5. The carina modification catheter of claim 1, wherein a diameter of each of the first guide portion and the second guide portion is in a range from 0.014 inches to 0.015 inches.

6. The carina modification catheter of claim 1, wherein the fixed portion of each of the first guide portion and the second guide portion is a tube formed of polyamide, and has a stainless mesh inserted thereinto.

7. The carina modification catheter of claim 1, wherein the branched portion of each of the first guide portion and the second guide portion is a tube formed of polyamide.

8. The carina modification catheter of claim 1, wherein the branched portion of the first guide portion and the branched portion of the second guide portion are inclined at an acute angle with respect to the front end portion of the main body, respectively.

9. The carina modification catheter of claim 8, wherein the branched portion of each of the first guide portion and the second guide portion has a length of 2 mm to 5 mm.

10. The carina modification catheter of claim 1, wherein the main body comprises:

a housing made of a soft material; and

a support member disposed within the housing along a longitudinal direction.
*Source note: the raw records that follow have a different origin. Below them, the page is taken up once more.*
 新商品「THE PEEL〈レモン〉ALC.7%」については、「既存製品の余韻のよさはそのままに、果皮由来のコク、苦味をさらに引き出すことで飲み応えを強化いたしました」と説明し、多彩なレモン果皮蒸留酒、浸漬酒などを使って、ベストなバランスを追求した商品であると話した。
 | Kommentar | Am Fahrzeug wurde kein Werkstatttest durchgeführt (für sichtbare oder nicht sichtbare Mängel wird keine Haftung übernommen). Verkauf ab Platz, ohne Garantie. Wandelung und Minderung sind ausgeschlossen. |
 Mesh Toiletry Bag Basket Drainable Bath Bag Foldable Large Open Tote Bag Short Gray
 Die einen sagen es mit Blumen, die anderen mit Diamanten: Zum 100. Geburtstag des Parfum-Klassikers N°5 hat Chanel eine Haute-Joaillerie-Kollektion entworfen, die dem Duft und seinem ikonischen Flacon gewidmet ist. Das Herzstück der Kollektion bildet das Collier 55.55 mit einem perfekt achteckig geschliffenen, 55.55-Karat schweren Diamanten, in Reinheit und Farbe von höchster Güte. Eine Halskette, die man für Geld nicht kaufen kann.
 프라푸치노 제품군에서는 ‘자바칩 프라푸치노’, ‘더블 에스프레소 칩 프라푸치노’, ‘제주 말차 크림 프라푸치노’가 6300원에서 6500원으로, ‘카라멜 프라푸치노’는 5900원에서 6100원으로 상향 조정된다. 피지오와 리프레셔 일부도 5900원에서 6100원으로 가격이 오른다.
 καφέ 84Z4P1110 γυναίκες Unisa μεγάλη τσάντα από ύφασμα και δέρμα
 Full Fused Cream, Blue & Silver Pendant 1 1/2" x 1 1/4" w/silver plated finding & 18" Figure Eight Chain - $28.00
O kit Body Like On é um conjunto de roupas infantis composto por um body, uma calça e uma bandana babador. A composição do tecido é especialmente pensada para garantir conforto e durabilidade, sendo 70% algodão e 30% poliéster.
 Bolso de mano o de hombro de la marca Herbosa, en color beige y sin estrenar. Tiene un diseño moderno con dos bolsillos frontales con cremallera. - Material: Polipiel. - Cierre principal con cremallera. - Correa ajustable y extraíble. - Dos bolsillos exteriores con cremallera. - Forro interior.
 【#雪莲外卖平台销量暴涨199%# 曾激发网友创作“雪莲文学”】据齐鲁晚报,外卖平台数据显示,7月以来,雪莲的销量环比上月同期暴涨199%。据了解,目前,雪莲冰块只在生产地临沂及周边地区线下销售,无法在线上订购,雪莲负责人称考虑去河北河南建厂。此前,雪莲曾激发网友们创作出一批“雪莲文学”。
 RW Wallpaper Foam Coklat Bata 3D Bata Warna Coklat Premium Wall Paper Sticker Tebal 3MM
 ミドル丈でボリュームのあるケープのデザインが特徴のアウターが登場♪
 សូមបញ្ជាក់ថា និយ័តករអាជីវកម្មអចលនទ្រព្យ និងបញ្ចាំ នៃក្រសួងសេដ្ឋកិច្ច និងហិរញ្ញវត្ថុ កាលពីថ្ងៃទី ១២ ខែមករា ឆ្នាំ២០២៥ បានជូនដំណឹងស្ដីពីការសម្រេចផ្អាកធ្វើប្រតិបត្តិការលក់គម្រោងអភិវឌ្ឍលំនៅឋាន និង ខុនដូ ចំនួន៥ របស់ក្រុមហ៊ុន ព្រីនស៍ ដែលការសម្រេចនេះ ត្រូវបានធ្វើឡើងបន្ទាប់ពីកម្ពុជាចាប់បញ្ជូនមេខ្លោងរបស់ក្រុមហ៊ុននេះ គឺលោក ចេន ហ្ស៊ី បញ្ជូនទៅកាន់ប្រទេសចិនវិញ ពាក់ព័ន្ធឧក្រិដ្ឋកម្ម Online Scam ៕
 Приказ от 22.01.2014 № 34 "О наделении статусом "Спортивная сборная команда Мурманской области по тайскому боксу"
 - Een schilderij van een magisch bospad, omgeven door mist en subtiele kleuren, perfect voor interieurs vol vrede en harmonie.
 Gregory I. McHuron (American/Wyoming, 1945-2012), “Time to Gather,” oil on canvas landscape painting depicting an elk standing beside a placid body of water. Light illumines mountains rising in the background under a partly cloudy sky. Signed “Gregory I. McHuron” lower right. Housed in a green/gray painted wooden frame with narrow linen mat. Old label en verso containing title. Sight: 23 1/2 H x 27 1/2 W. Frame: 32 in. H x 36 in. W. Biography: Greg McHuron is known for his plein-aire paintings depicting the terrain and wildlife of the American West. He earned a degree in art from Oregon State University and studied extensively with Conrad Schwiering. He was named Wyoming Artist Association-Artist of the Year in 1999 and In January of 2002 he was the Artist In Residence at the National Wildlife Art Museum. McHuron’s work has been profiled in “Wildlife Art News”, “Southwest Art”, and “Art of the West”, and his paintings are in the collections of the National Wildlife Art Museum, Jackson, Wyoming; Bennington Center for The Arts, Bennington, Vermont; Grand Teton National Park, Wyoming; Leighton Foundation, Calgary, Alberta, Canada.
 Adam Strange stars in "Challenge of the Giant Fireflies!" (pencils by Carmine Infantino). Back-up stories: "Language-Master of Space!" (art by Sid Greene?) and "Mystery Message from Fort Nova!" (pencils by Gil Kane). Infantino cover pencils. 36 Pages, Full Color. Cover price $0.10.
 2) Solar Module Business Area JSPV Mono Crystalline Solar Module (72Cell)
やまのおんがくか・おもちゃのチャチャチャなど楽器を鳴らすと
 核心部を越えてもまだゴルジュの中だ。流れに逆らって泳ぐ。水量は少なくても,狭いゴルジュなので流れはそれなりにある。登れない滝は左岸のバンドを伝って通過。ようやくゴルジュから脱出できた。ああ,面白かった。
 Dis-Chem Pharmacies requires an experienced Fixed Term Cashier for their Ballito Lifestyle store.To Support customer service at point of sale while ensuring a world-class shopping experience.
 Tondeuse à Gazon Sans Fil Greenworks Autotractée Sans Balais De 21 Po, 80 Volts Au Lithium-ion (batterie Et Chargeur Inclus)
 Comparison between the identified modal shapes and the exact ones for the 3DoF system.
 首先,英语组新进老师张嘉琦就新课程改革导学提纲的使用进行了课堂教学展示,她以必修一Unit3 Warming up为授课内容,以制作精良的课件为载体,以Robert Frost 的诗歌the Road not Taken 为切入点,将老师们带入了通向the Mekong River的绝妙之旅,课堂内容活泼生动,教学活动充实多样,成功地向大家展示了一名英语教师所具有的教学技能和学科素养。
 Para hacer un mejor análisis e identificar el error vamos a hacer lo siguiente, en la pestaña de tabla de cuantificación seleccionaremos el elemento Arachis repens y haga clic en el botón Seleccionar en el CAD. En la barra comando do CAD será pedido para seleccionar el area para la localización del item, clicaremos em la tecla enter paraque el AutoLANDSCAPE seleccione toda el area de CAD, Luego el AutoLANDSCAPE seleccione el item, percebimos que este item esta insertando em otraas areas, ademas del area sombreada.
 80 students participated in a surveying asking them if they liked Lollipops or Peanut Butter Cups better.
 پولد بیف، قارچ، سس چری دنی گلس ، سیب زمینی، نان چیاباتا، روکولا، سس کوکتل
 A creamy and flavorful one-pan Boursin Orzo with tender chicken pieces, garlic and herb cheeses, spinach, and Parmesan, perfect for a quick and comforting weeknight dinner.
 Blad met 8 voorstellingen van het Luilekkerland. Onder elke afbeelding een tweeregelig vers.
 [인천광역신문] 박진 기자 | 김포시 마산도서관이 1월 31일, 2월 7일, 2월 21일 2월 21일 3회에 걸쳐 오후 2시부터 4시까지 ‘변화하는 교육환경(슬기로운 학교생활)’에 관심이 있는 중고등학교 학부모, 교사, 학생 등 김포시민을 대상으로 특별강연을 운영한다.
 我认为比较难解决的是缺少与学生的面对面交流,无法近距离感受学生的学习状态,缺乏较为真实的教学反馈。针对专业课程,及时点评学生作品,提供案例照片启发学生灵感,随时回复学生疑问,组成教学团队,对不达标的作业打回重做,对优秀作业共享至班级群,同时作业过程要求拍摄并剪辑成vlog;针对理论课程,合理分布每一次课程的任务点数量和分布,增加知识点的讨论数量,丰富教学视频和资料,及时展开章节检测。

11. The carina modification catheter of claim 10, further comprising a first blocking plate and a second blocking plate which are disposed between the support member and the housing of the main body, the first and the second blocking plates corresponding to the first guide portion and the second guide portion, respectively.

12. The carina modification catheter of claim 10, further comprising a marking unit fixed at a front end portion of the support member.

13. The carina modification catheter of claim 12, wherein the marking unit is formed of a metal or resin which does not pass radiation therethrough.

14. The carina modification of catheter of claim 13, wherein the metal is lead or gold.